- Location: Kenora District, Ontario, Canada
- Coordinates: 49°46′26″N 91°29′13″W﻿ / ﻿49.77389°N 91.48694°W
- Area: 17,513.00 ha (67.6181 sq mi)
- Designation: Waterway
- Established: 2003
- Governing body: Ontario Parks
- Website: www.ontarioparks.com/park/eastenglishriver

= East English River Provincial Park =

Provincial park in Ontario, Canada

The East English River Provincial Park is a linear waterway park in Kenora District, Ontario, Canada. It includes a 200 m wide strip of land on both sides of the English River and its lakes, from the intersection of Highway 599 to Minnitaki Lake. It was established in 2003 to protect natural features, that are representative of the area, and high quality recreational canoe routes with over 30 sets of rapids. The park's notable features include white pine forest at the northern extent of its range, white elm and burr oak, caribou habitat and calving locations, fisheries, and archaeological sites.

==Description==
The park includes all the shores and waters of (in upstream order) Loggers, Flying Loon, Press, Hughes, Hut, and Barrel Lakes, as well as partially Jarvis Lake.
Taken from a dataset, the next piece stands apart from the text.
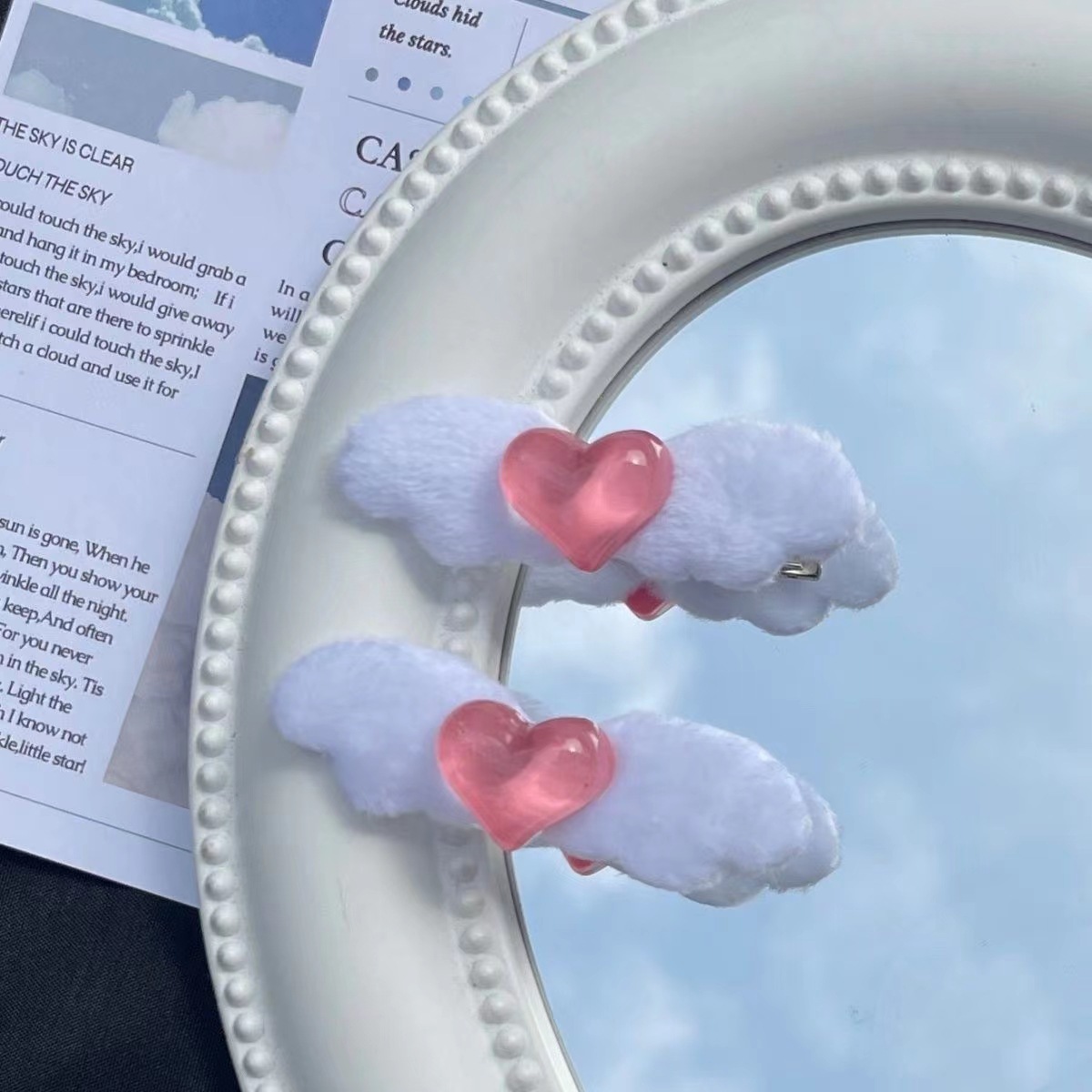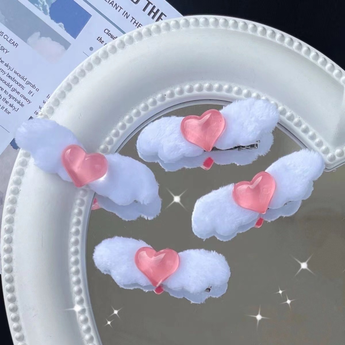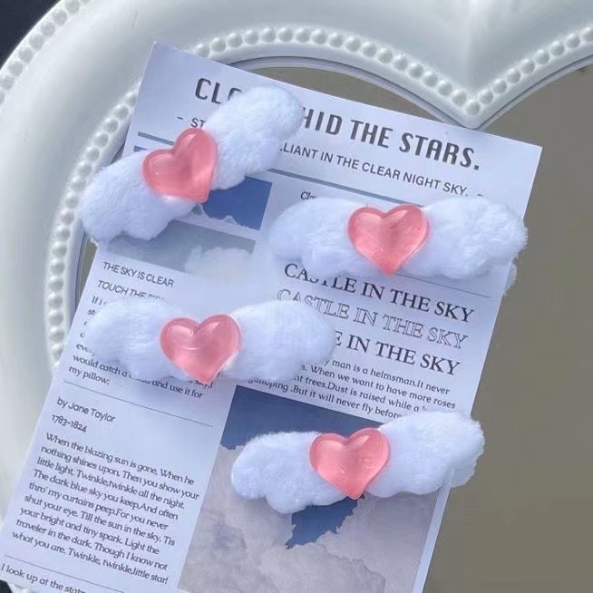 일본과 한국의 새로운 귀여운 사랑 머리핀 봉제 날개 머리핀 달콤한 소녀 사이드 클립 패션 모든 일치 달콤한 소녀 헤어 액세서리스토어 가기

It borders on the Upper English River Conservation Reserve that follows the river eastwards and eventually, via the Shikag River, connects with the Brightsand River Provincial Park.

The section of the English River within the park and upstream to its source is notable for its unregulated flow and unpolluted waters, unique for a large river system in northwestern Ontario. Its minimum flow is 28 m3/s in April, while it increases to a peak flow of 117 m3/s in late May.

There are several pictograph locations within the park, likely dating back to the Woodland Culture. The area was extensively logged in the 20th century and many relics remain of former logging operations. A POW camp was located on Press Lake during World War II.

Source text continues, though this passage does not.